Raven shakes her head. "But she didn't. She-"
"No, instead she got to live on an isolated planet for six years without even knowing that we were alive." Bellamy slams a hand against the rail, a storm caged inside him. This means that she came back. Clarke came back to an empty lab, knowing they'd gone. After he'd waited, she had come back. Maybe a few minutes later. Maybe a few seconds. But she had. And that beautiful, terrible truth slams into Bellamy, until it feels as if something inside him is breaking. "We should've waited longer," he says, as tears finally leak out. "I should've waited longer." But instead I left her. Not only to die, but to live alone, in silence.

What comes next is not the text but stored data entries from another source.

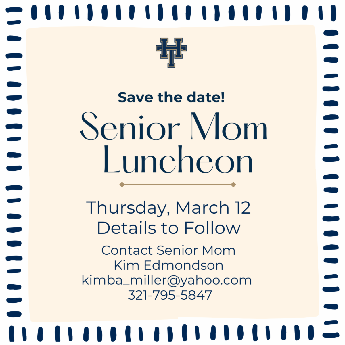| | Class of 2026 students and parents - SAVE THE DATE for Senior Day, Wednesday, April 1, 2026. Come out and celebrate your seniors as they “walk” for the first time, share some of their more memorable experiences at HT, receive the blessing for their caps and gowns, and receive accolades/awards. There will also be an information session for parents on life after “seniordom” with a college freshman. More details to come with exact afternoon start and end times. | | |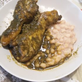 - Serve the seco de pollo hot over rice and beans.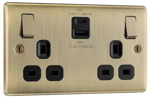 BG NAB22UAC45B Nexus Metal 13A Double Switched Power Socket + USB A+C (45W) - Antique Brass + Black Insert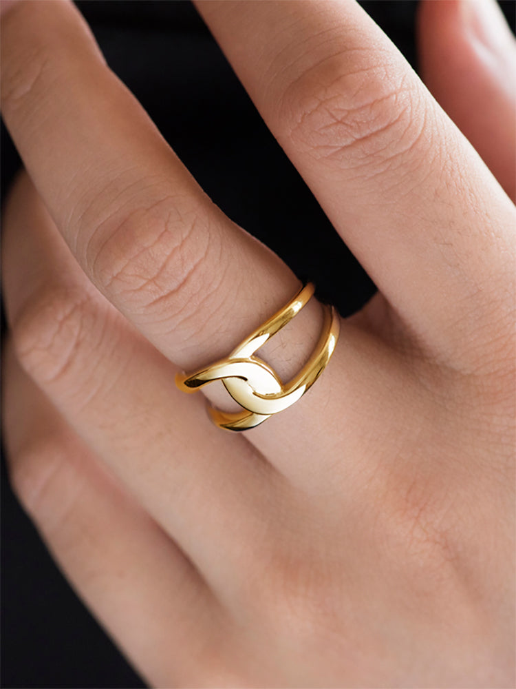 This simple double ring features real gold plated copper and is easy to stack with different rings. Its simple design makes it the perfect accompaniment to any outfit.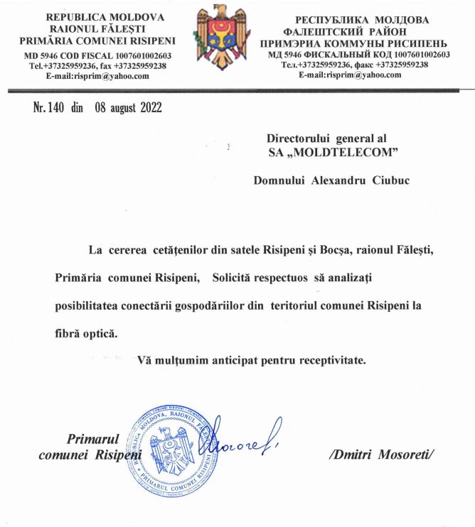 În rezultatul înaintării de către primarul comunei Risipeni, dl. Mosoreti Dmitri, a Demersului Nr.140 din 08.08.2022, la SA ”Moldtelecom în vederea examinării posibilității de conectarea a gospodăriilor din comuna Risipeni la fibra optică, operatorul a aprobat reabilitarea sistemului de telecomunicații din localitate, prin montarea rețelei de fibră optică.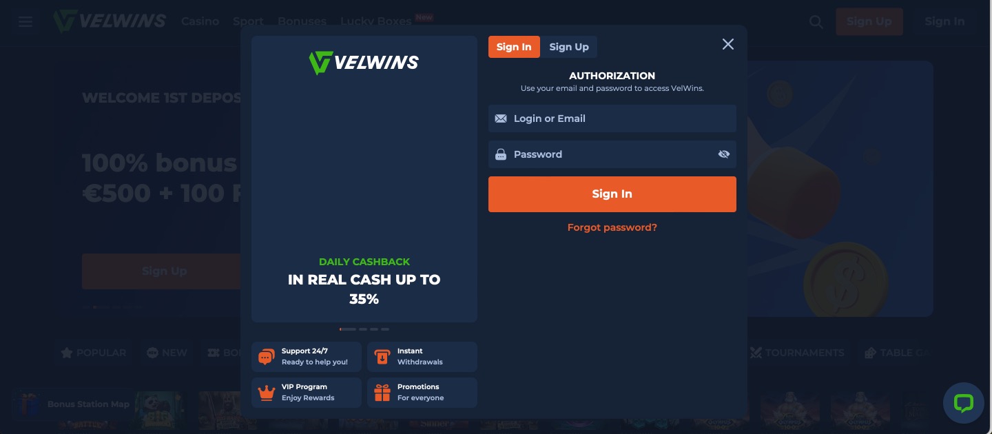 Velwins Casino Signup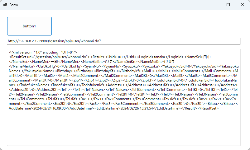 GroupSession の /api/user/whoami.do? をコールすることで、ログインユーザーの情報を取得します。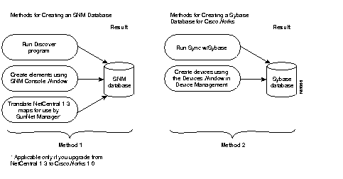 Figure 2-8 illustrates the differences between database creation in SNM and in CiscoWorks. Method 1 represents the three options you have to create an SNM database. Method 2 represents the two options you have to create a Sybase database for CiscoWorks.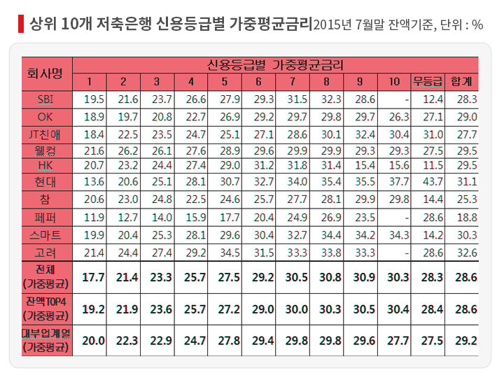특히 대부업 계열 저축은행의 평균 대출금리는 29.2%에 달했다. OK저축은행(29%)과 웰컴저축은행( 29.5%) 등이 높은 금리를 적용하고 있다.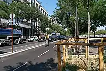 - Ce double-sens cyclable, créé dans une rue dont la vitesse est alors limitée à 50 km/h, s'inscrit dans un parcours cyclable qui permet de relier le boulevard de Strasbourg à la place de la Bataille-de-Stalingrad sans détour[75].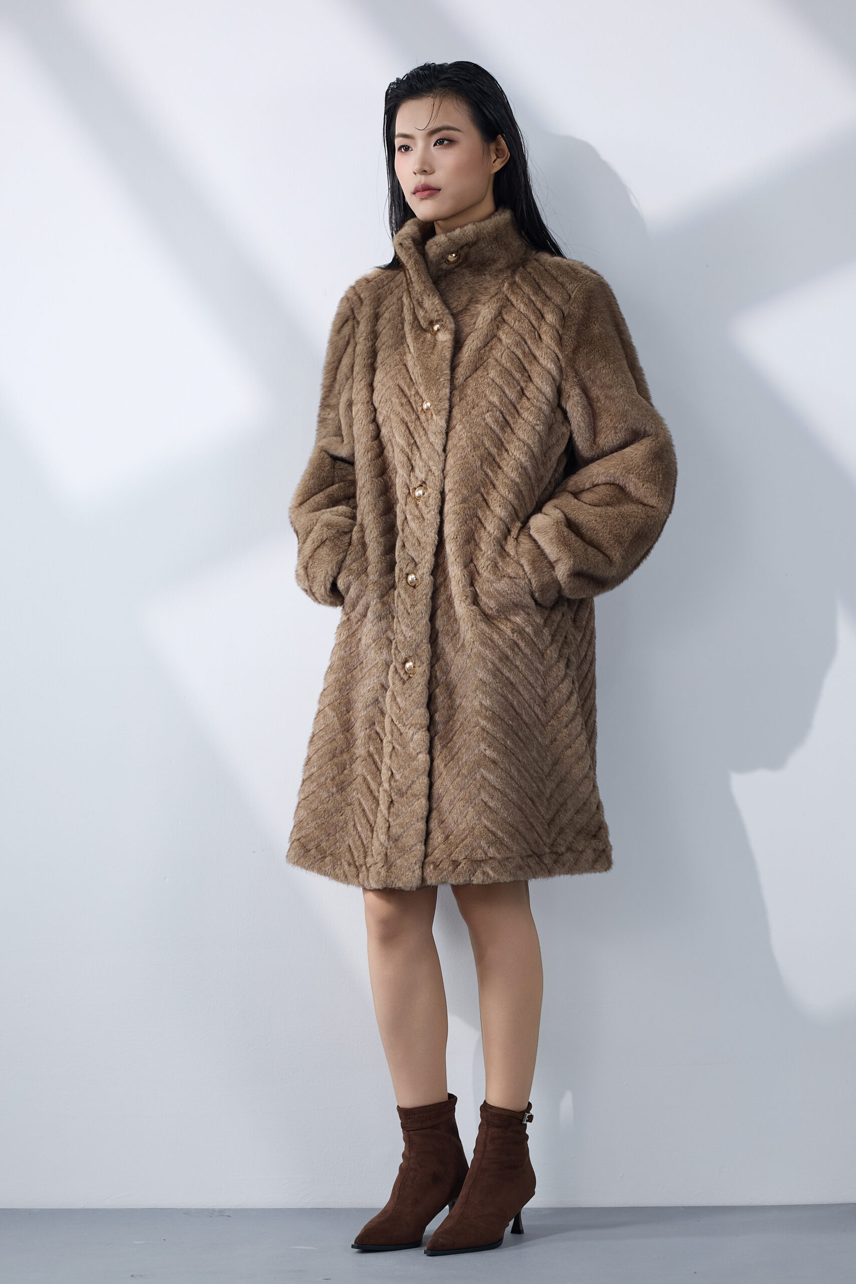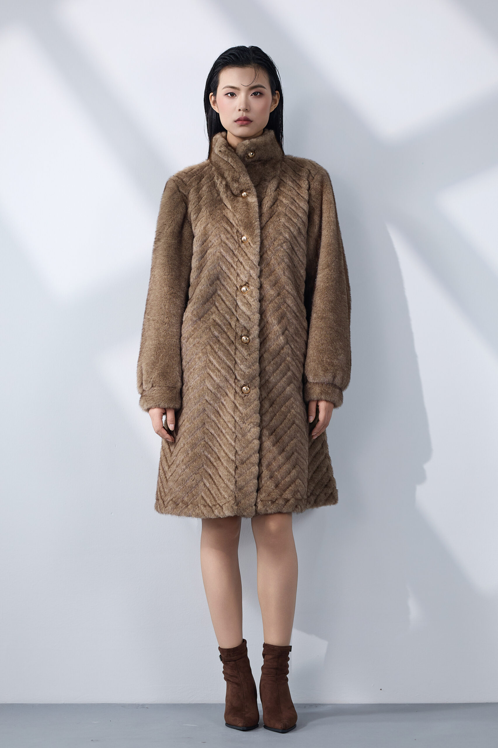 A luxurious ivory winter coat featuring sculpted chevron fur detailing that adds refined geometric texture. Finished with elegant gold buttons for a soft, elevated shine. A straight, polished silhouette that combines warmth, sophistication, and effortless winter elegance
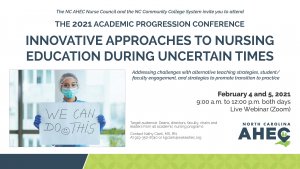 The NC AHEC Nurse Council and the NC Community College System invite you to attend the 2021 Academic Progression Conference: “Innovative Approaches to Nursing Education during Uncertain Times,” a live webinar from 9 a.m. to 12 p.m. on February 4 and 5, 2021, that will address challenges with alternative teaching strategies, student/faculty engagement, and strategies to promote transition to practice. Target audience: Deans, directors, faculty, chairs, and leaders from all academic nursing programs. For more information, contact Kathy Clark, MS, RN, at 919-350-8740 or kgclark@wakeahec.org. https://www.wakeahec.org/datafiles/2021_academic_progression_postcard_v2.pdf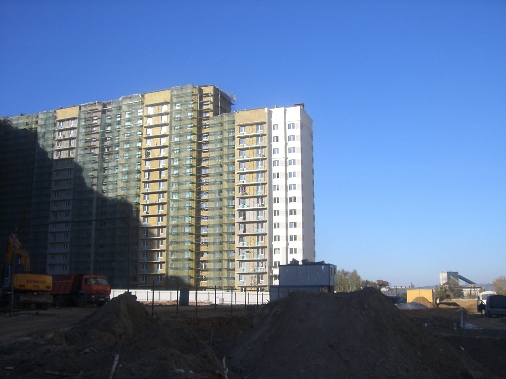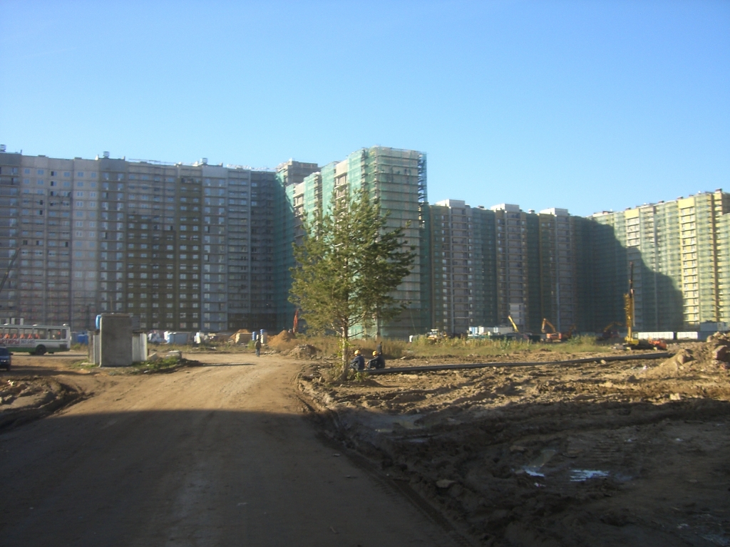 На территорию бдительные охранники не пустили. Пришлось "вести репортаж" с Балашихинского шоссе. На снимках дом (из нескольких секций) вдоль того самого шоссе. Рельсы, которые в него упирались, превращаются в траншею. По ней будет проложен сток (канализация) - км на 7. Само строение, по словам строителей, уже сдано и, практически, дана отмашка на отделочные работы. Шансы сдать этот дом к НГ, по словам строителей, довольно высокие. На территории, описанной в сообщениях 107-114, видно только работу экскаватора.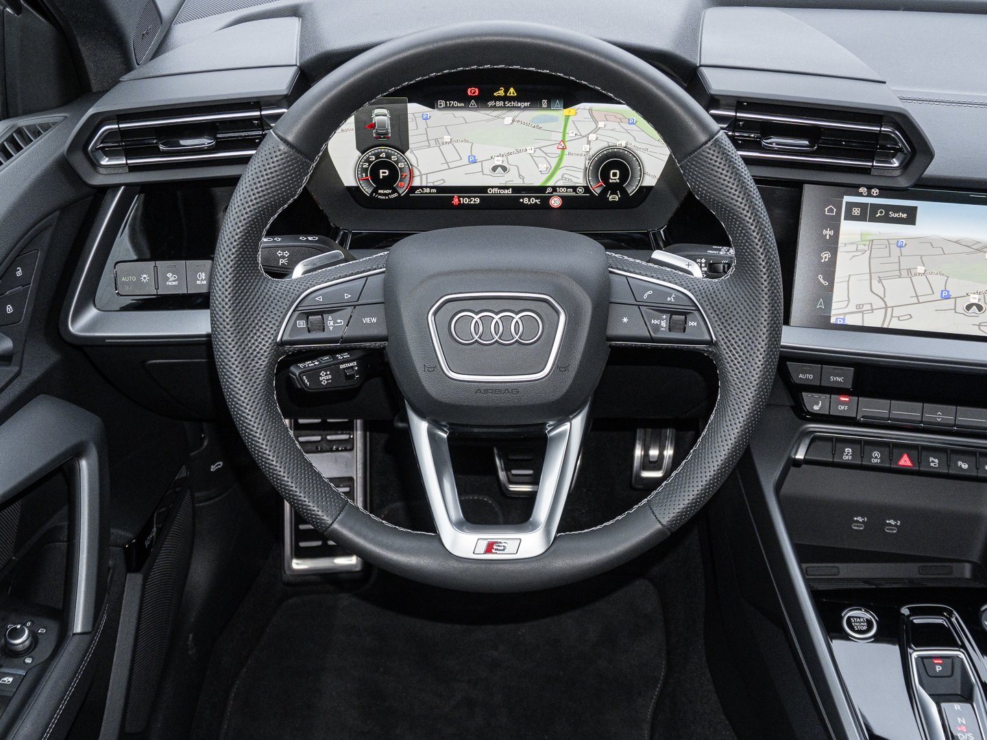 9S9 Audi virtual cockpit plus, Q1D Sportsitze vorn, 4UF Airbags vorn Beifahrerairbag deaktivierbar, 7P1 4-Wege-Lendenwirbelstütze für die Vordersitze, QJ1 Interieurapplikationen Aluminiumoptik, 4L6 Innenspiegel automatisch abblendend rahmenlos, IU4 Audi Application Store und Smartphone-Interface, 6E3 Mittelarmlehne vorn, 3L3 Vordersitze manuell einstellbar, KH5 3-Zonen-Komfortklimaautomatik, 3NT Rücksitzlehne geteilt umklappbar, 4GF Wärmeschutzverglasung Frontscheibe, 8IT LED-Scheinwerfer, 1XX Lederlenkrad 3-Speichen mit Multifunktion plus und Schaltwippen, PX2 LED-Scheinwerfer und LED-Heckleuchten mit dynamischem Blinklicht Heck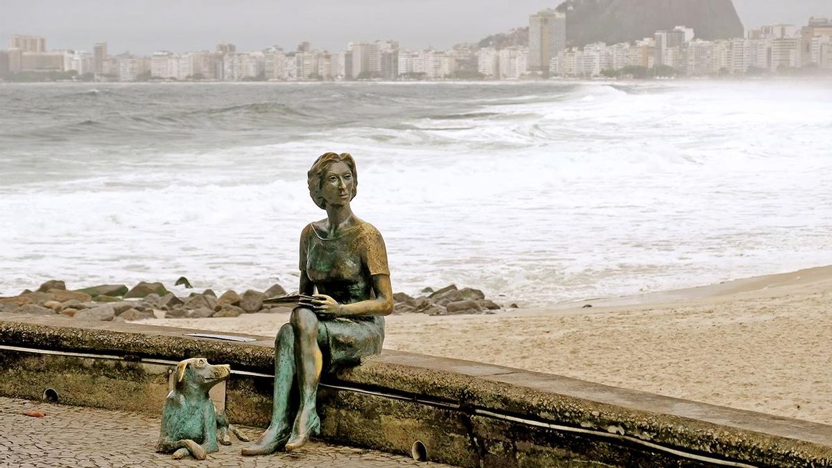 No sabía si preguntarte por quién es esa mujer o por el lugar. Pero te voy a decir el lugar: Río de Janeiro. Ella es la única mujer de las estatuas de bronce que pueden encontrarse en algunos puntos de la ciudad. Y junto a ella su perro: Ulises.

Raven reaches him but doesn't touch him. Right now, she knows better than to. "You know Clarke. That's not what she would've wanted."
Bellamy looks at her. "And this was?"
"If it meant our survival, then yes."
"But if she's alive," cuts in Monty, "where is she?"
Bellamy scrubs his face and looks back at the screen, suddenly afraid. He can break. He is breaking. But he will do so fully later, in the privacy of a room, after he finds out everything he needs to know.
"Keep the feed going," says Bellamy around the pain in his chest.
A click from Raven, and her voice resumes, filling the lab. Drowning him.
" . . . The bunker's gone silent too. We tried to dig them out for awhile but . . . there was too much rubble. I haven't made contact either."
Bellamy shuts his eyes. His anger recedes and in its place falls an old desperation.
"Anyway . . . I still have hope. Tell Raven to aim for the one spot of green and you'll find me. The rest of the planet from what I've seen basically sucks, so . . . "
A long pause. Bellamy opens his eyes again.
"Never mind . . ." her voice chimes back. "I see you."
Static. Bellamy looks sharply at Raven. Questions bombard him, but they quiet in place of the new, loudest one that makes his chest go tight. He pulls out the drawing and unfurls it, until he is again looking into her hopeful face. She isn't speaking of them, he knows.
But if it's not them, who else can it be?